On 16.03.2012 11:12, Renk Thorsten wrote:
> 
> In the last two days, I've managed to implement a scheme for orbital terrain 
> rendering which I had cooked up a while ago. 
> 
> Compared with what vitos had in mind (a complete overhaul of the rendering 
> engine) this is really low-tech and lives within the limitations of the 
> current engine - just a textured sphere of 58 km diameter in the scene which 
> is constantly repositioned using simple ray-optics to give the right 
> impression and has a dedicated shader to never fog it and work around the 
> high altitude light problem (see below). The results using Celestia Level 3 
> texturing are quite compelling, although there are a few quirks left: 
> 
> http://www.flightgear.org/forums/viewtopic.php?f=6&t=15754
> 
> It took me 7 hours to get it to this point, less than 100 lines of Nasal, 
> some cut-past with the shaders - most of the time I spent stitching and 
> converting textures. Right now it is really dumb - one can go to even higher 
> resolution texturing by investing some smartness and introducing texture 
> management (currently Earth is effectively covered by 4096x8192, the cloud 
> layer adds the same amount). At low altitudes, it transits automatically to 
> default (not very seamless at this point...).
> 
> I would very much like to fly this with something other than the ufo - 
> unfortunately there are a few problems in the way:
> 
> 1) The weird 'zones' at high altitude:
> 
> - below 300.000 ft, rendering looks normal, default terrain is basically 
> gone, but Earthview shows something
> - from 300.000 ft to 500.000 ft: grey zone - the sky above turns fog grey. 
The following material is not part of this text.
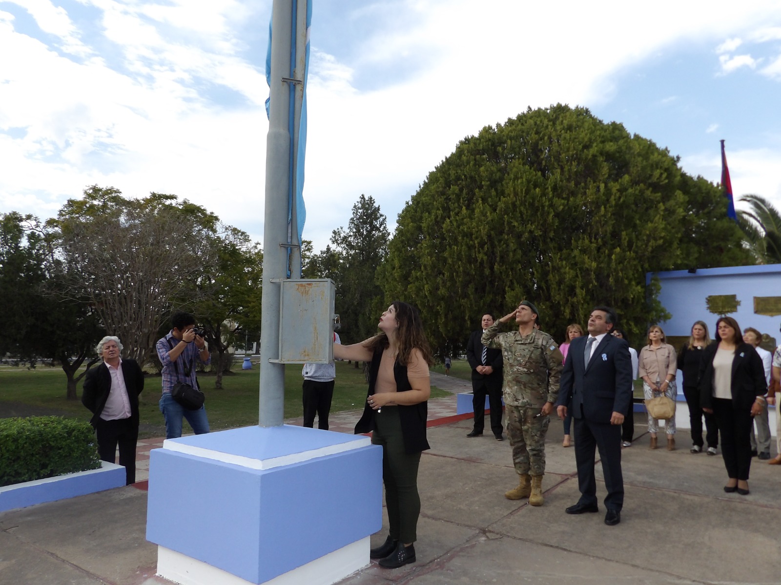 Posteriormente las autoridades se trasladaron hasta la Plaza General San Martín en donde también se izó la Enseña Patria por el Vice Intendente Municipal Guillermo Morandini, la vice presidente primera del Honorable Concejo Deliberante Fabiana Ruiz y el comandante de la Primera División de Ejército Aldo Ferrari.

> Lauri explained to me that this is because we leave the skydome behind, so 
> there is really nothing left to paint on
> - from 500.000 ft to 800.000 ft: red zone - everything turns now red. No idea 
> what this is.
> - above 800.000 ft: dark zone: the light largely disappears apart from a deep 
> red hue and the background finally becomes the deep black of space as it 
> should be (I re-defined the light in the planet shader not to pay attention 
> to this, but the ufo itself is of course affected) . The visible disk of the 
> sun turns red.
> 
> Can these effects be tracked and fixed to give a consistent background black 
> and reasonable light?
> 
> 2) The high altitude FDM problem:
> 
> Our only spacecraft (Vostok) makes just 150 km altitude, apparently to 
> prevent it from running into a region where the FDM breaks down. This isn't 
> nearly high enough to see nice orbit scenes without pushing gigabytes of 
> textures at the problem. I have not really understood the reason in detail, 
> but can the JSBSim people comment on that? Is it possible to get JSBSim to 
> fly up to 3000 km, or to otherwise address this problem?
> 
> 3) Other Spacecraft:
> 
> We currently have the X-15 (reaches barely 100 km and is in fact better with 
> the default rendering engine), SpaceShip-1 (doesn't really fly, the rocket 
> engine lacks the power to get anywhere, is also just a modern X-15), the 
> Vostok (see above) and a Space Shuttle FDM.
> 
> Given the Space Shuttle FDM and the discussion of Space Shuttle SRBs in the 
> JSBSim model, it may just a wild stab in the dark, but does Jon have a 
> complete  flight-worthy Space Shuttle FDM somewhere?  
> 
> It's one of the things I would like to fly at some point. Now there is 
> something to see in orbit, so maybe that makes it more interesting for 3d 
> modellers and FDM developers to work on some more spacecraft? It's a bit of a 
> chicken and egg problem, modelling orbital rendering isn't really so exciting 
> without a way to fly there, modelling spacecraft isn't interesting without 
> rendering - but I think there is progress. Right now, with Earthview FG looks 
> better than Orbiter out of the box, although Orbiter has the support for 
> hires texturing. But when you descend, Flightgear has a whole planet modelled 
> in really high detail to offer :-)
> 
> Well, I hope this is a more reasonable approach than what Vitos had in mind. 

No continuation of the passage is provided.